Plant brassica with 25-50#s of forage peas, and 25#s of beans, to help "Sweeten the plot". Your goal is to establish the use of the plot into early November with the high level of attraction the peas and beans offer, and then plan on continuing the foraging for the plot with the brassicas into January or later. But definitely, you will need to sweeten the plot. If your deer #s are high and cover abundant...just plant the brassicas and you will probably see the usage increase as local crops are harvested...whether there has been a frost or not.

I have a new lease in SW WI. On the old lease the deer were used to utilizing the plots for a decade, so sweetening the plot was unecessary and would have created additional grazing pressure that would have been detrimental. I live in a 50% cover, 50% ag area so deer numbers are moderate, and grazing pressure on plot forages is moderate as well. However on my new lease the deer have foraged on food plots except for possibly distant parcels. My strategy was this:

-I added soybeans to sweeten the brassica blend I use (Northwoods Whitetails)
-I used tillage radish within the oats (lower quality soil so I didn't use peas).

2. Small Cereal Grains

50#s of rye, 50#s of peas and varying amount of tillage radish works well in Southern areas because it has a chance to grow to it's potential of volume with very little grazing competition. Supporting crops within ag fields and longer growing seasons produce thick, lush stands of forage. However for the same reasons as stated above, balance is greatly needed from the extremes of North to South.Recommendations

*The Northern Grain Extreme:

Lower quality soil and shorter growing season equal lower volumes of forage for deer to feed on. Higher percentages of cover dictate higher rates of browsing pressure on food plots. The results...the peas and radish can be hammered and gone before the season begins, and the 50#s of rye is not enough. I personally like layering the plantings with something like 50#s of oats and peas early August, 100#s of rye around Labor day AND mid-Sept. However, a stand alone planting of 100-150#s of peas, 10#s of tillage radish, and 200#s of rye is a good start, with a late August 1-time planting date.

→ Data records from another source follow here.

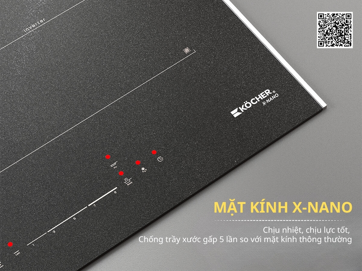 Điểm nhấn đặc biệt của bếp từ Kocher X-NANO 6 Plus chính là mặt kính X-NANO độc quyền, ứng dụng công nghệ Pháp tiên tiến. Loại kính này có khả năng chống trầy xước gấp 5 lần so với mặt kính thông thường, đồng thời chịu sốc nhiệt và chịu va đập cực tốt.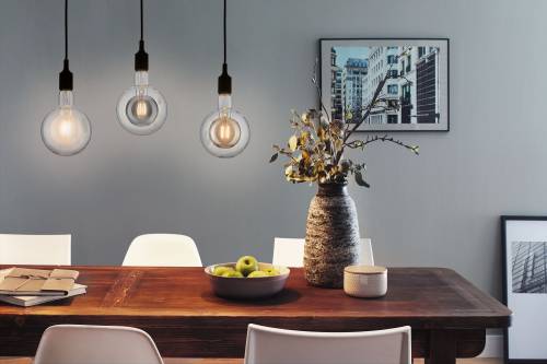 Ampoule LED. Les rétro-globes surdimensionnés tout en verre ne sont pas seulement un accroche-regard décoratif, ils fournissent également une atmosphère intime, comme aux chandelles. Lumière chaude et chaleureuse dans le style du filament de carbone.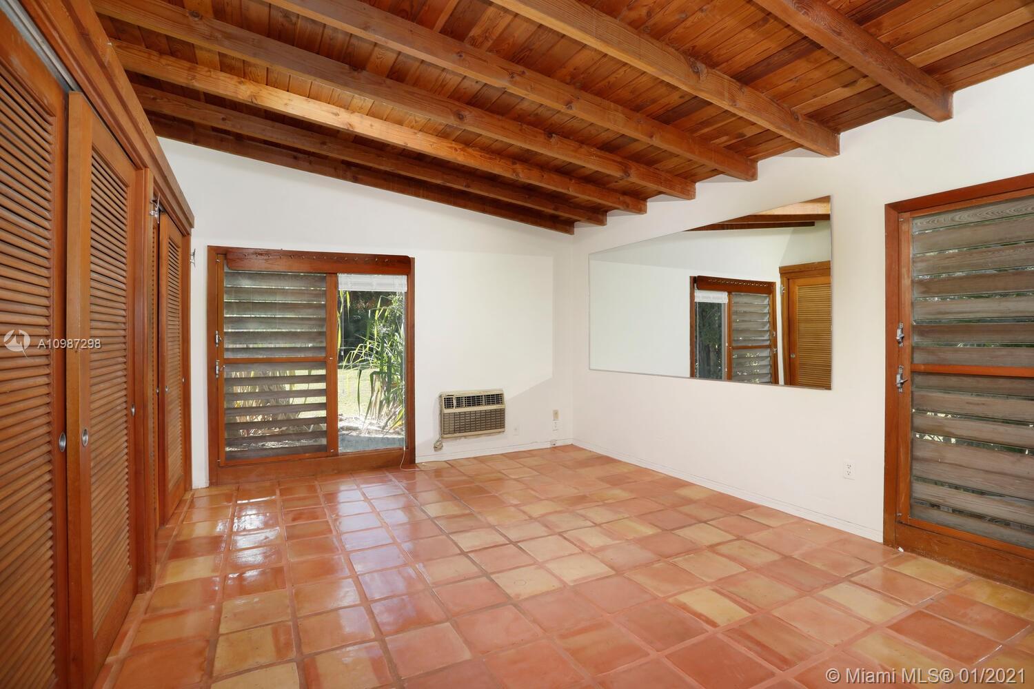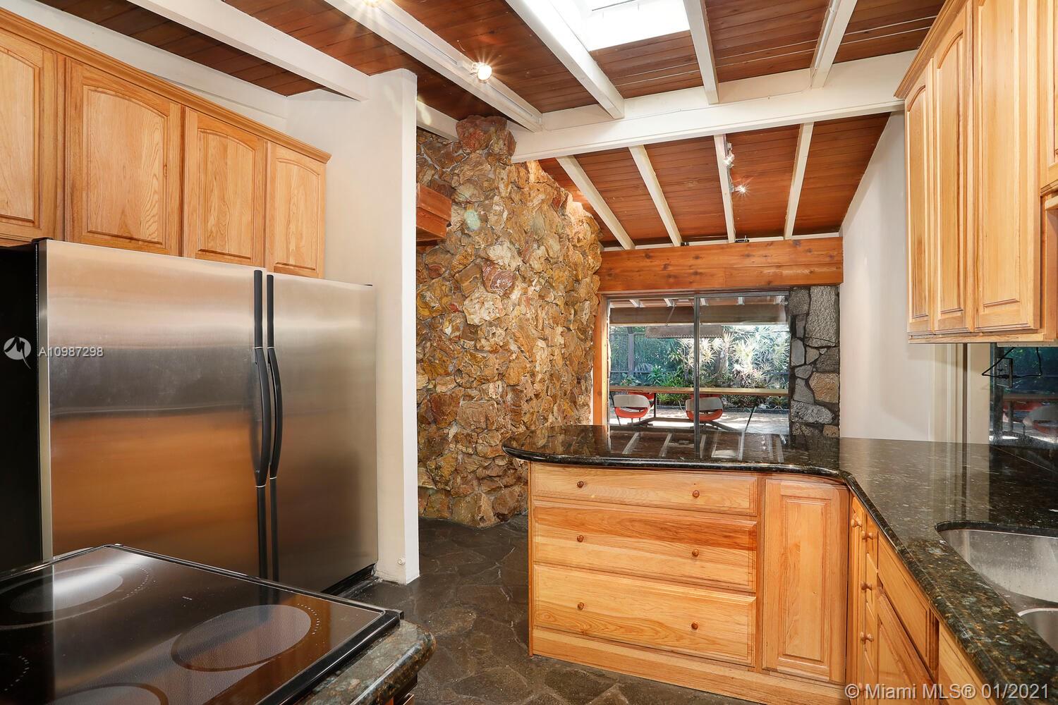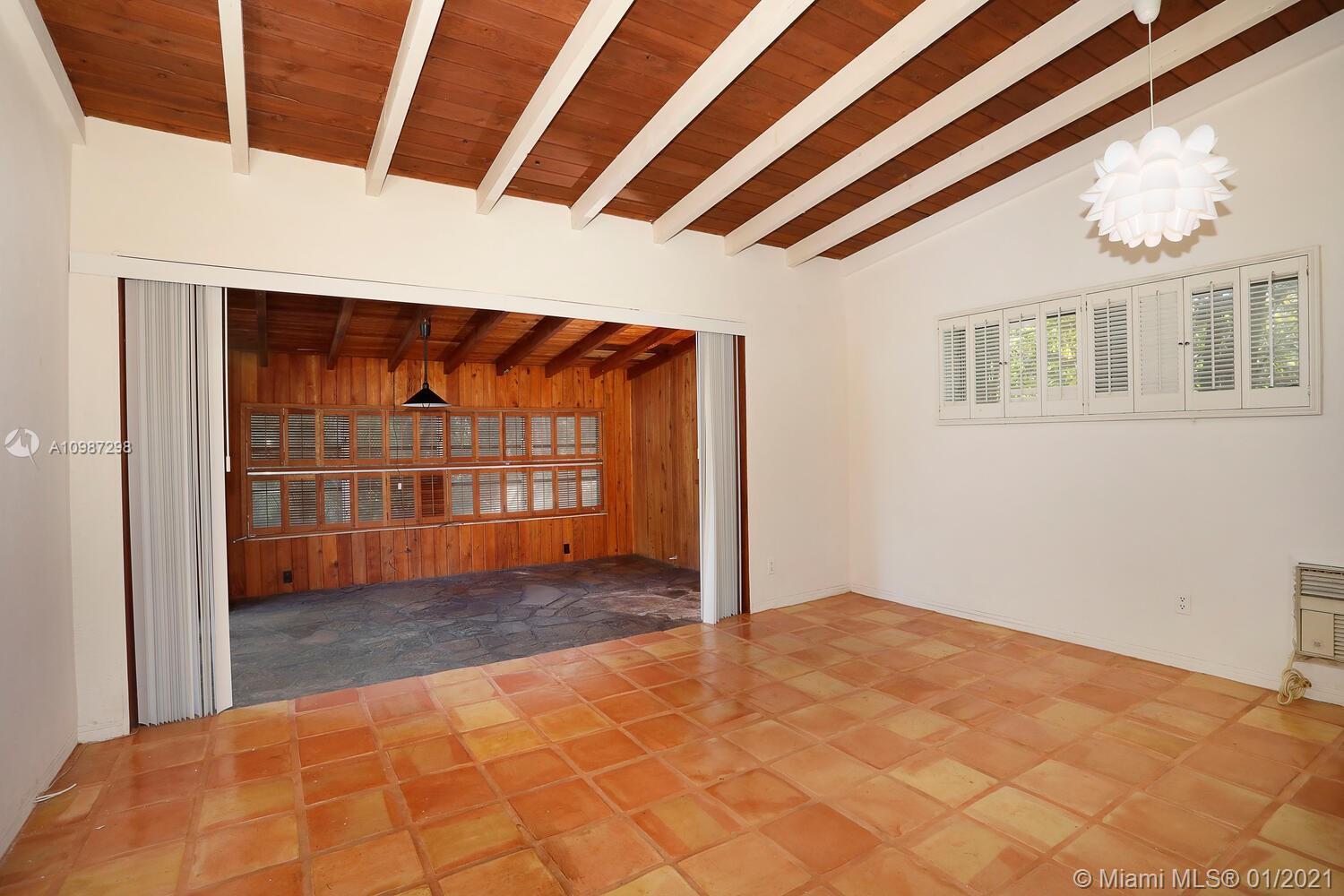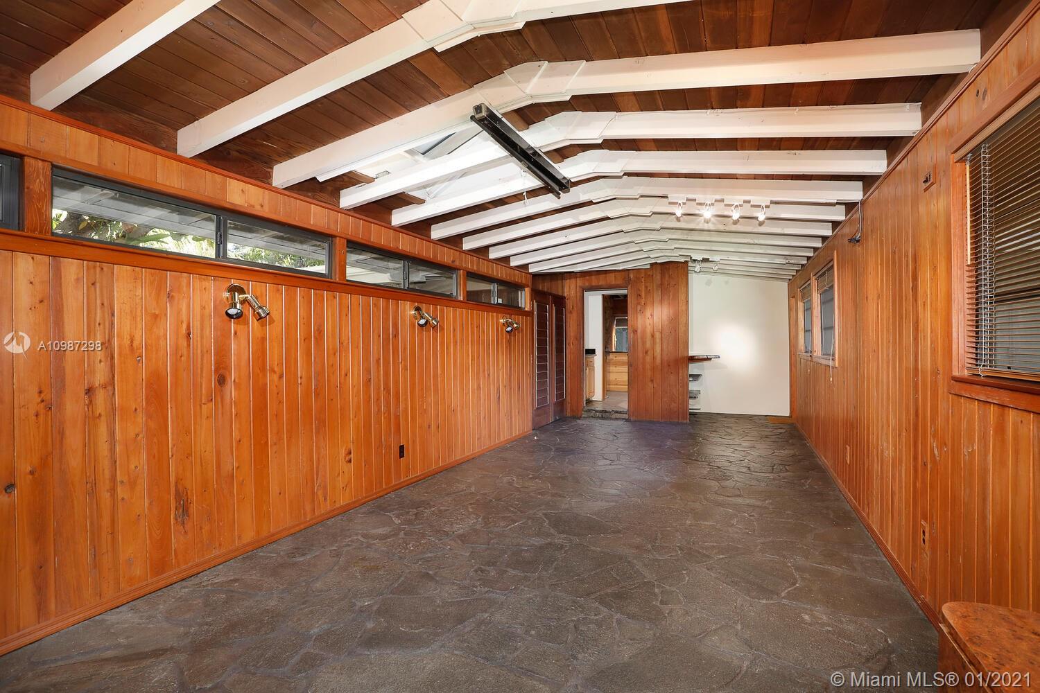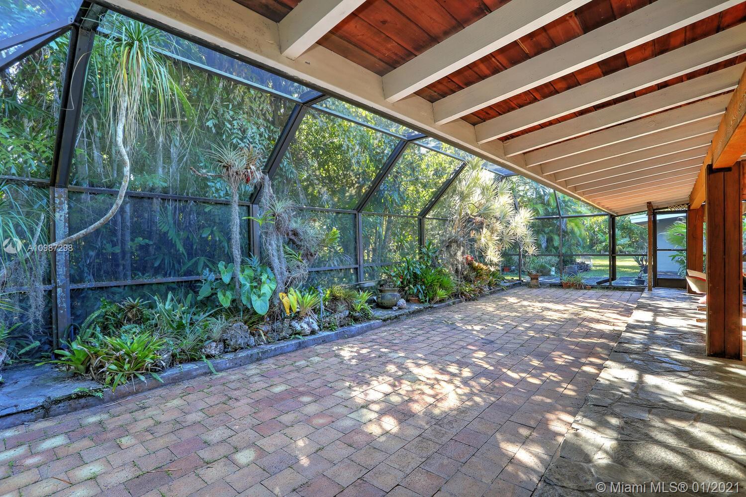 Unique, move-in ready mid-century home designed by renowned architect, Alfred Browning Parker. Located on a quiet, tree-lined street in a prime Pinecrest neighborhood, close to Pinecrest Gardens & Cultural Arts Center. Extensive use of natural stone and wood throughout. Interior features include open layout, vaulted, beamed ceilings, original onyx rock fireplace and custom built-ins. Expansive outdoor screened porch & terrace overlooking the ultra-private, lush tropical garden that surrounds the home. Total square ft size 4,513, adjusted square ft size 2,826 according to Miami Dade tax records. House has central AC. Excellent opportunity to remodel & expand. Very large 38,768 lot size. Close to A+ public & private schools

*The Southern Grain Extreme:

High supporting food sources, quality soil and longer growing season dictate higher volumes of supporting food, and less initial grazing pressure. The peas and radishes are the "candy", but even then they may be browsed lightly until the crops are harvested. The rye is the stable base of the mix. I would also consider adding soybeans to the mix as well, but at the same time fully planting with the intention of layering another broadcasting of rye if forages are grazed upon heavily entering Late Sept. The best scenerio is that the peas, beans and radishes equal an outstanding food source into December...the worst scenerio is that the candy is eaten early and often, grazing pressure is too high, and you need to add another 100-200#s of rye to the mix to fill-in the soil by late Sept.

Conclusion

Even with this detailed look at these 2 planting bases (Brassicas and Cereal Grains), what I recommend the most is to plant BOTH of these forage combinations, side by side, on every plot. This allows you to spread your deer usage consistently across your entire food plot system, with lower competition for bedding and general social space, than if you plant various plots with different forages, on different plots. Regardless though, balance is key to any habitat improvement-and that is the same in how bedding areas are created, travel corridors, as well as the use of waterholes for deer. There is no exact formula for success in any habitat creation, let alone with food plots....only the same concepts that work based on the application of balance.

The application of balance is critical, but it is still 2nd on the list of the "lowest hole in the bucket" for small parcel management....to Hunting Strategy, but that is another huge topic all-together. For a hint to more articles to come, the actual quality level of bedding areas, food sources, etc....are some of the highest holes in the bucket. In my experience, no level of habitat quality can overcome the most important influence of your small parcel's succes: "Hunting Strategy."